= DATA PROVIDED =
*** Begin section ***

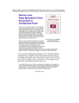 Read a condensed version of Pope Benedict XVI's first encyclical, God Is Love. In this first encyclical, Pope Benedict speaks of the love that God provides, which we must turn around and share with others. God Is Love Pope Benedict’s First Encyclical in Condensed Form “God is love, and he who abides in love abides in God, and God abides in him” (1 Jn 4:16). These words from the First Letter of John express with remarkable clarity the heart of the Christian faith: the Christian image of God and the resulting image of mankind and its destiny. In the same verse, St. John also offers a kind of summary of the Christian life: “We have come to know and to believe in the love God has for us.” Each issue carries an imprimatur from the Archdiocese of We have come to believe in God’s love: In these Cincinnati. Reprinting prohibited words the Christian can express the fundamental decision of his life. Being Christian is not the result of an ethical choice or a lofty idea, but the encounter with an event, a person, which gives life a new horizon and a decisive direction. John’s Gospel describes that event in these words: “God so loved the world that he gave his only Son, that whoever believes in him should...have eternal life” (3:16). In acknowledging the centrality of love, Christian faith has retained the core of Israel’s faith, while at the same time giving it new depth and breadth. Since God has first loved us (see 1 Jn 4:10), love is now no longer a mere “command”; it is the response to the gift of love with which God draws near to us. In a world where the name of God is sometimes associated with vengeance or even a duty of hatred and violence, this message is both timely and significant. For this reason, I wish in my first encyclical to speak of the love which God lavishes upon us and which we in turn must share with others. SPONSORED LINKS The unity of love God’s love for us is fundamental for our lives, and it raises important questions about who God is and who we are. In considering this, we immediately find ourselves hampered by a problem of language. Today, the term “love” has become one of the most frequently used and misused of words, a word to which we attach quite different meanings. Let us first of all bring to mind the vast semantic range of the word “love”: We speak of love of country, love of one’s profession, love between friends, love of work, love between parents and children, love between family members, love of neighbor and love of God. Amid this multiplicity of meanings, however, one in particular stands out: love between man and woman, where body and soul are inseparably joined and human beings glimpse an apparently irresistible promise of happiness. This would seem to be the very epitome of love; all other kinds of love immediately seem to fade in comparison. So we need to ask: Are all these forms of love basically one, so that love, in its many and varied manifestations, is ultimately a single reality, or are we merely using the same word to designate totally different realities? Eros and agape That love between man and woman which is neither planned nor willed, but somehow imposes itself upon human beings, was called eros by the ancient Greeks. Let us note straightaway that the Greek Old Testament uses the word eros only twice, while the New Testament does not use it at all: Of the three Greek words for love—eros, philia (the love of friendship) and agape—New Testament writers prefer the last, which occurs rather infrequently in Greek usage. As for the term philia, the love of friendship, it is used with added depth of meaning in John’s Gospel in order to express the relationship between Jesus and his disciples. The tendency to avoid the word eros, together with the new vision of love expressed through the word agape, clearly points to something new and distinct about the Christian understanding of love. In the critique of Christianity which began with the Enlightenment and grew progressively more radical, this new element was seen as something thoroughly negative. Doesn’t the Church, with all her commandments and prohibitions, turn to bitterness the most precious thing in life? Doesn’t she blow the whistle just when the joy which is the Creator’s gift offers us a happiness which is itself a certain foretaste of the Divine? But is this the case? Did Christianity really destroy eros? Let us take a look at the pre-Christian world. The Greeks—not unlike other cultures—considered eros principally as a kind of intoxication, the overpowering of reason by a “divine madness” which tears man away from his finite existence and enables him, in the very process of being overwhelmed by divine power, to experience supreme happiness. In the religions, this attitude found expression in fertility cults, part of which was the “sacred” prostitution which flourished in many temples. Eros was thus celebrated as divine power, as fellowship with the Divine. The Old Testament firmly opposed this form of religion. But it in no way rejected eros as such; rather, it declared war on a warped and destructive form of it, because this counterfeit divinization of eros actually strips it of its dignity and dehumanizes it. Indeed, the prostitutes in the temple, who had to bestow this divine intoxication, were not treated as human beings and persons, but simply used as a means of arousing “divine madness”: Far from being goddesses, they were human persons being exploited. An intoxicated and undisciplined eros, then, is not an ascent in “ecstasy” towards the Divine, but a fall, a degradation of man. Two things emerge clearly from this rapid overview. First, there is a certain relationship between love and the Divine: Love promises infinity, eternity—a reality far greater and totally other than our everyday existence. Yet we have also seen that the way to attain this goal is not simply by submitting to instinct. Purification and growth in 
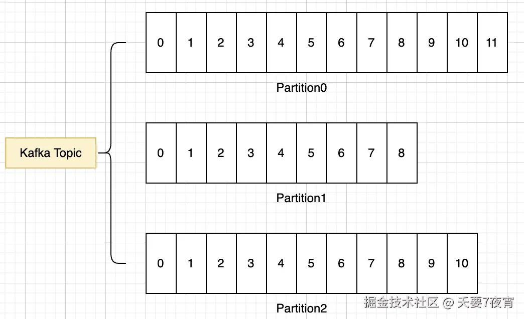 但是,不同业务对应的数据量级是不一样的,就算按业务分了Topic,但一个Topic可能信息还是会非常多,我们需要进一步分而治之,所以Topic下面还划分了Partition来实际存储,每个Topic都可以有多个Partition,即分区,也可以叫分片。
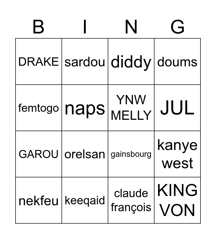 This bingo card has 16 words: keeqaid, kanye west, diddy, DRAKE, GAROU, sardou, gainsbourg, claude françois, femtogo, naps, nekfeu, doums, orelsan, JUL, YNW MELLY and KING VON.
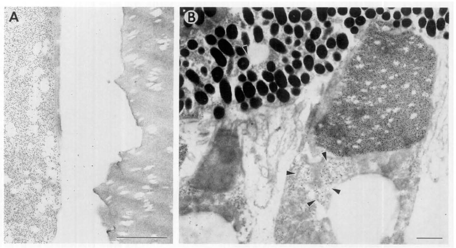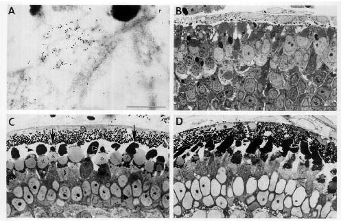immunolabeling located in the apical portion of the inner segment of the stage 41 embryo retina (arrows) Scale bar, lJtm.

*** End section ***

Where the data contains images, drop them and print the rest exactly.

 Read a condensed version of Pope Benedict XVI's first encyclical, God Is Love. In this first encyclical, Pope Benedict speaks of the love that God provides, which we must turn around and share with others. God Is Love Pope Benedict’s First Encyclical in Condensed Form “God is love, and he who abides in love abides in God, and God abides in him” (1 Jn 4:16). These words from the First Letter of John express with remarkable clarity the heart of the Christian faith: the Christian image of God and the resulting image of mankind and its destiny. In the same verse, St. John also offers a kind of summary of the Christian life: “We have come to know and to believe in the love God has for us.” Each issue carries an imprimatur from the Archdiocese of We have come to believe in God’s love: In these Cincinnati. Reprinting prohibited words the Christian can express the fundamental decision of his life. Being Christian is not the result of an ethical choice or a lofty idea, but the encounter with an event, a person, which gives life a new horizon and a decisive direction. John’s Gospel describes that event in these words: “God so loved the world that he gave his only Son, that whoever believes in him should...have eternal life” (3:16). In acknowledging the centrality of love, Christian faith has retained the core of Israel’s faith, while at the same time giving it new depth and breadth. Since God has first loved us (see 1 Jn 4:10), love is now no longer a mere “command”; it is the response to the gift of love with which God draws near to us. In a world where the name of God is sometimes associated with vengeance or even a duty of hatred and violence, this message is both timely and significant. For this reason, I wish in my first encyclical to speak of the love which God lavishes upon us and which we in turn must share with others. SPONSORED LINKS The unity of love God’s love for us is fundamental for our lives, and it raises important questions about who God is and who we are. In considering this, we immediately find ourselves hampered by a problem of language. Today, the term “love” has become one of the most frequently used and misused of words, a word to which we attach quite different meanings. Let us first of all bring to mind the vast semantic range of the word “love”: We speak of love of country, love of one’s profession, love between friends, love of work, love between parents and children, love between family members, love of neighbor and love of God. Amid this multiplicity of meanings, however, one in particular stands out: love between man and woman, where body and soul are inseparably joined and human beings glimpse an apparently irresistible promise of happiness. This would seem to be the very epitome of love; all other kinds of love immediately seem to fade in comparison. So we need to ask: Are all these forms of love basically one, so that love, in its many and varied manifestations, is ultimately a single reality, or are we merely using the same word to designate totally different realities? Eros and agape That love between man and woman which is neither planned nor willed, but somehow imposes itself upon human beings, was called eros by the ancient Greeks. Let us note straightaway that the Greek Old Testament uses the word eros only twice, while the New Testament does not use it at all: Of the three Greek words for love—eros, philia (the love of friendship) and agape—New Testament writers prefer the last, which occurs rather infrequently in Greek usage. As for the term philia, the love of friendship, it is used with added depth of meaning in John’s Gospel in order to express the relationship between Jesus and his disciples. The tendency to avoid the word eros, together with the new vision of love expressed through the word agape, clearly points to something new and distinct about the Christian understanding of love. In the critique of Christianity which began with the Enlightenment and grew progressively more radical, this new element was seen as something thoroughly negative. Doesn’t the Church, with all her commandments and prohibitions, turn to bitterness the most precious thing in life? Doesn’t she blow the whistle just when the joy which is the Creator’s gift offers us a happiness which is itself a certain foretaste of the Divine? But is this the case? Did Christianity really destroy eros? Let us take a look at the pre-Christian world. The Greeks—not unlike other cultures—considered eros principally as a kind of intoxication, the overpowering of reason by a “divine madness” which tears man away from his finite existence and enables him, in the very process of being overwhelmed by divine power, to experience supreme happiness. In the religions, this attitude found expression in fertility cults, part of which was the “sacred” prostitution which flourished in many temples. Eros was thus celebrated as divine power, as fellowship with the Divine. The Old Testament firmly opposed this form of religion. But it in no way rejected eros as such; rather, it declared war on a warped and destructive form of it, because this counterfeit divinization of eros actually strips it of its dignity and dehumanizes it. Indeed, the prostitutes in the temple, who had to bestow this divine intoxication, were not treated as human beings and persons, but simply used as a means of arousing “divine madness”: Far from being goddesses, they were human persons being exploited. An intoxicated and undisciplined eros, then, is not an ascent in “ecstasy” towards the Divine, but a fall, a degradation of man. Two things emerge clearly from this rapid overview. First, there is a certain relationship between love and the Divine: Love promises infinity, eternity—a reality far greater and totally other than our everyday existence. Yet we have also seen that the way to attain this goal is not simply by submitting to instinct. Purification and growth in 
 但是,不同业务对应的数据量级是不一样的,就算按业务分了Topic,但一个Topic可能信息还是会非常多,我们需要进一步分而治之,所以Topic下面还划分了Partition来实际存储,每个Topic都可以有多个Partition,即分区,也可以叫分片。
 This bingo card has 16 words: keeqaid, kanye west, diddy, DRAKE, GAROU, sardou, gainsbourg, claude françois, femtogo, naps, nekfeu, doums, orelsan, JUL, YNW MELLY and KING VON.
immunolabeling located in the apical portion of the inner segment of the stage 41 embryo retina (arrows) Scale bar, lJtm.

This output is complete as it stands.